One reason par was paid was because some counterparties insisted on being paid in full and the New York Fed did not want to negotiate separate deals, says a person close to the transaction. “Some of those banks needed 100 cents on the dollar or they risked failure,” Vickrey says.
Which is why Dean Starkman called this a backdoor bailout a year ago
Bloomberg says the decision gave Goldman at least $14 billion. But what’s perhaps worse, it gave Societe General, a French bank, $16 billion and Deutsche Bank, a, well, Deutsche bank, $8.5 billion. What were American taxpayers doing bailing out French and German ones? Has anyone done a story on that? Remember, as reporters Richard Teitelbaum and Hugh Son are excellent to point out, this was all done top secret. The Fed wouldn’t release the names of who it had paid until Congress got hacked off nearly six months later.
Edward Grebeck, CEO of Stamford, Connecticut-based debt consulting firm Tempus Advisors, says the most serious breach by the government was to keep the process of approving the bank payments secret.
“It’s inexcusable,” says Grebeck, who teaches a course on CDSs at New York University. “Everybody should be privy to the negotiations that went on. We can’t have bailouts like this happening behind closed doors.”
But that’s the Fed’s modus operandi. Remember that as the debate over regulatory restructuring goes forward. Some folks want to broadly increase its power.

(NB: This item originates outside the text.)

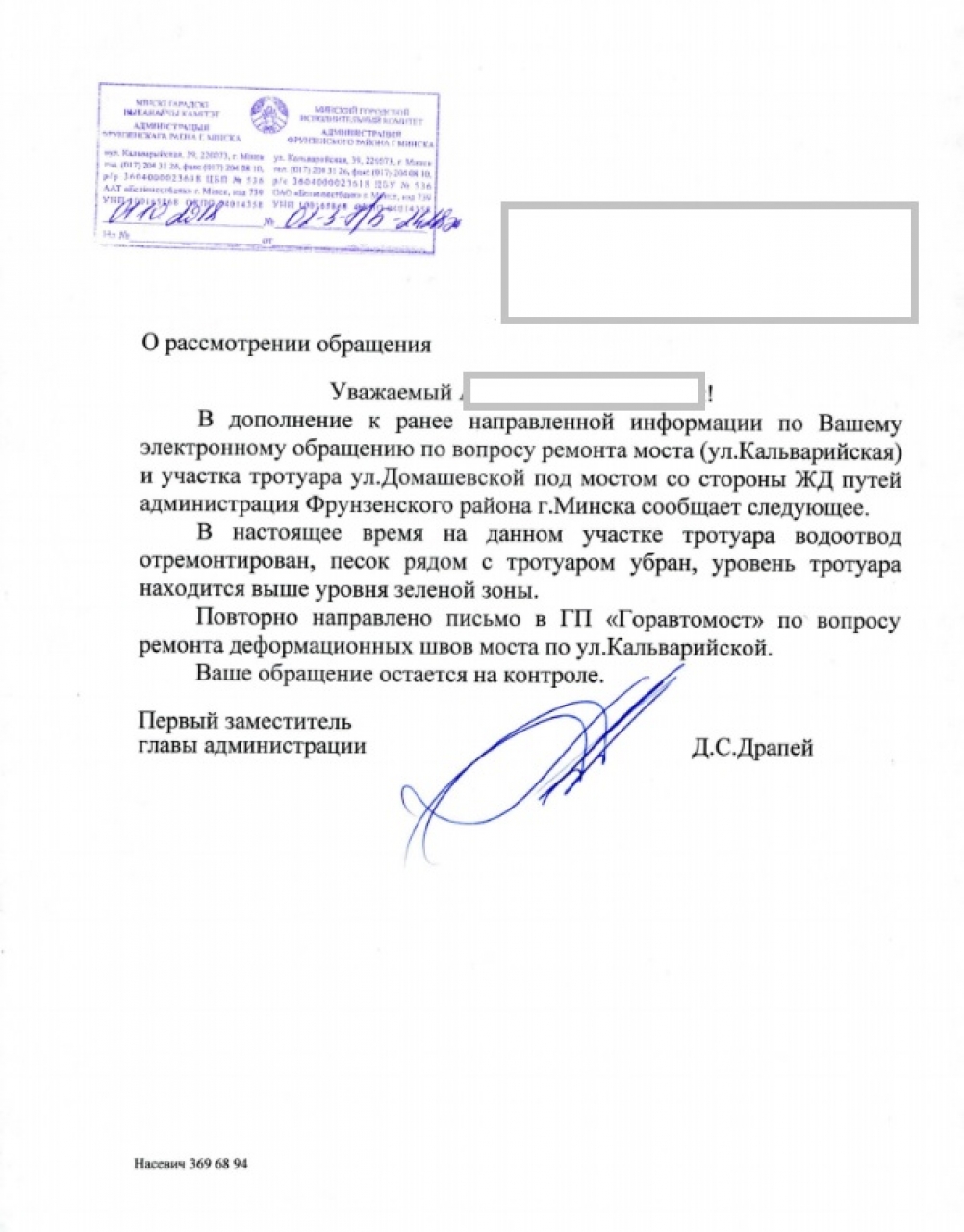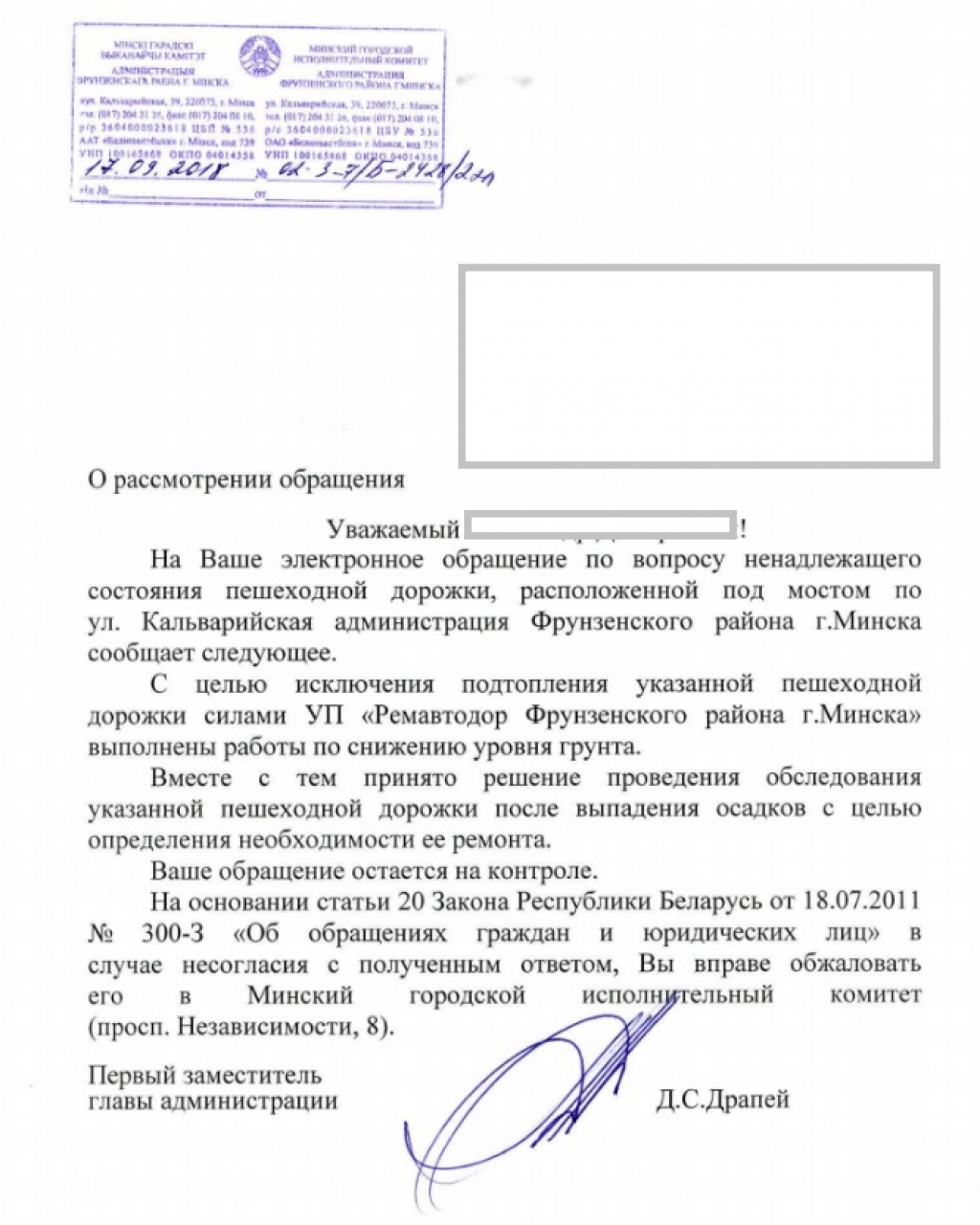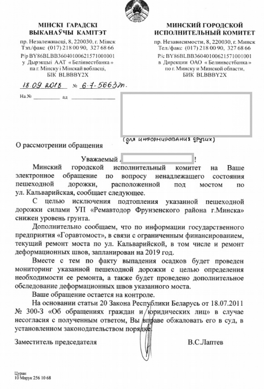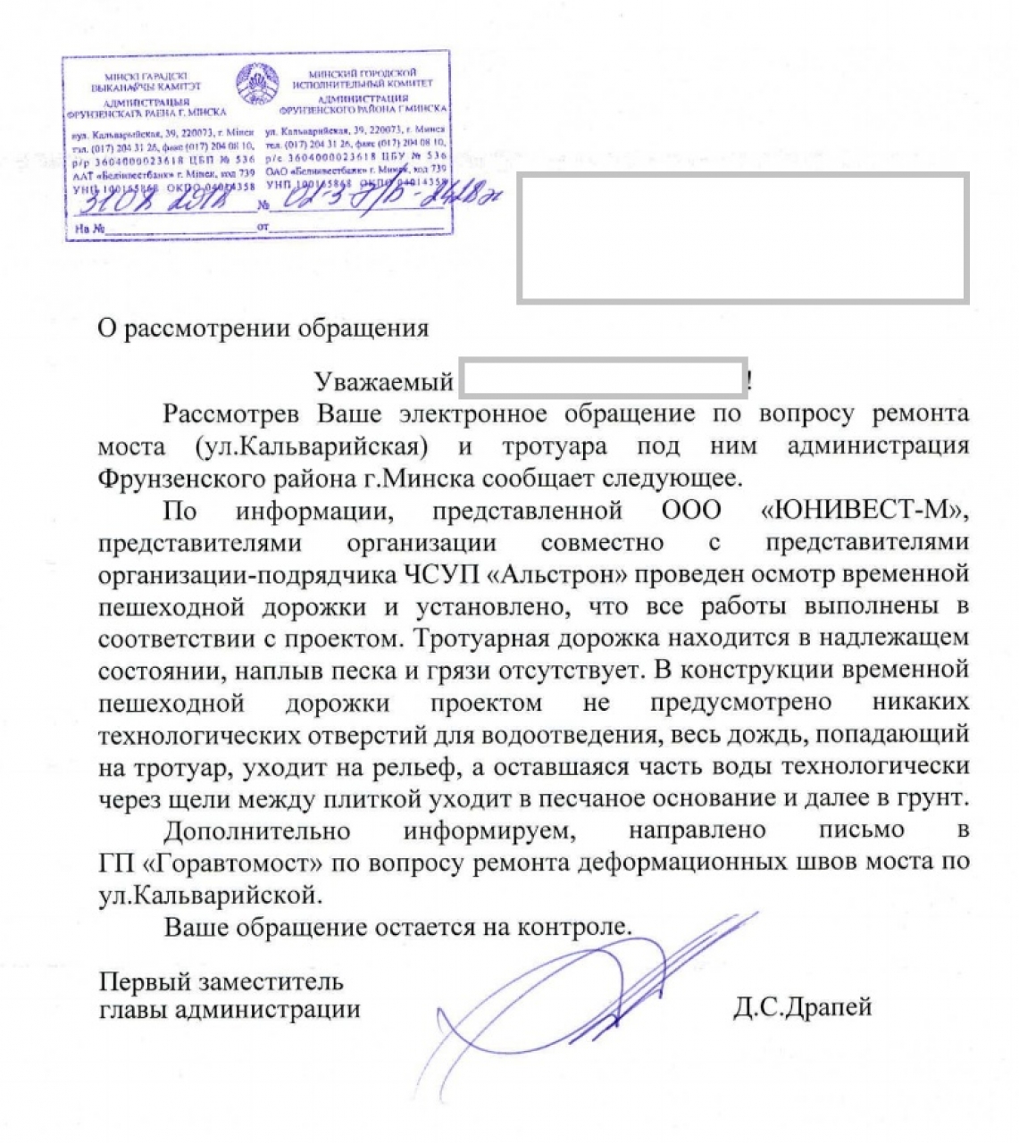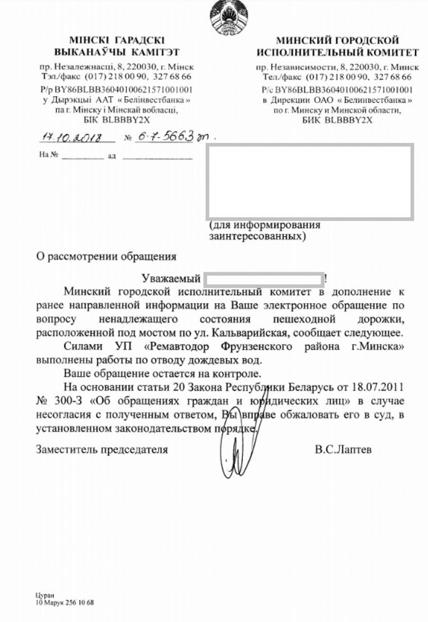 Обращение касалось участка тротуара под мостом ул.Кальварийская, а не пешеходной дорожки, проходящей под мостом ул.Домашевская вдоль ЖД, о котором был дан ответ. Дорожка, как раз, сделана замечательно, по технологии, и если бы все тротуары в городе делали так, луж бы на них не было вообще. Но её делал застройщик Юнивест-М, а не государственные службы.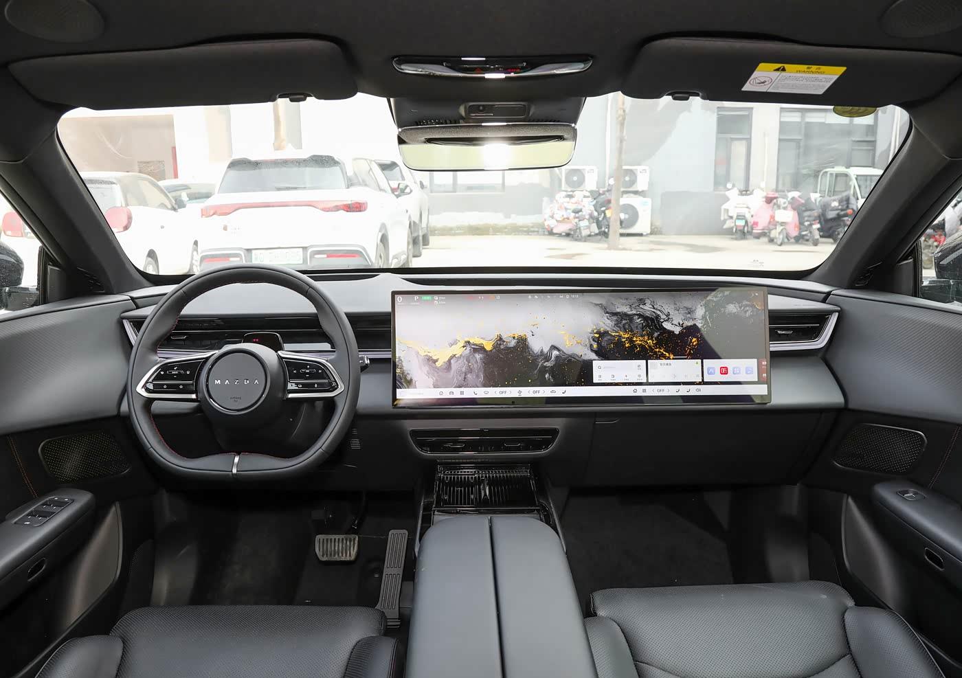 进入车内,内饰采用极简环抱式布局,以 “科技 + 舒适” 为核心,用料与质感越级。中控台搭载全球首款 26.45 英寸 5K 一体式大屏,9.5mm 超薄机身、6.4mm 极窄边框,显示清晰、操作流畅,搭配 100 英寸裸眼 3D HUD,解决传统 HUD “飘抖晃” 痛点,科技感直接拉满。三辐式真皮方向盘握感饱满,触控按键搭配拨片,操作便捷;车内大量软质搪塑、皮质包裹与金属饰条拼接,触感细腻。座椅是一大亮点,前排双零重力座椅支持 120° 平躺、16 向电动调节、8 种按摩及加热通风功能,久坐不累。空间表现越级,2902 毫米轴距带来后排膝部空间 122mm、腿部伸展空间 990mm,地板接近纯平,三人满载也不压抑。后备箱常规容积 350L,放倒后排可扩展至 2036L。

Also interesting here is that the CDO’s AIG purchased in the deal have declined about $7 billion from the $30 billion it paid last year. It’s unclear from Bloomberg’s story whether that adds to the $13 billion loss figure it touts or if it’s included in it. It should have spelled that out.
And Bloomberg is great to push this into the story in noting it’s suing the Fed (emphasis mine):
The Federal Reserve has been reluctant to publish information on its efforts to stabilize the financial system since the crisis began. The Fed has loaned more than $2 trillion, yet it refuses to name the recipients of the loans, or cite the amount they borrowed, saying that doing so may set off a run by depositors and unsettle shareholders.
With some interesting reporting on that:
Still, officials at AIG object to the secrecy that surrounded the transactions. One top AIG executive who asked not to be identified says he was pressured by New York Fed officials not to file documents with the U.S. Securities and Exchange Commission that would divulge details.
“They’d tell us that they don’t think that this or that should be disclosed,” the executive says. “They’d say, ‘Don’t you think your counterparties will be concerned?’ It was much more about protecting the Fed.”
If I have a quibble with the story it’s that it doesn’t explicitly weave in the spectacle of the huge paydays set for the end of the year, especially at Goldman, which are in large part due to the spectrum of bailouts, including this one.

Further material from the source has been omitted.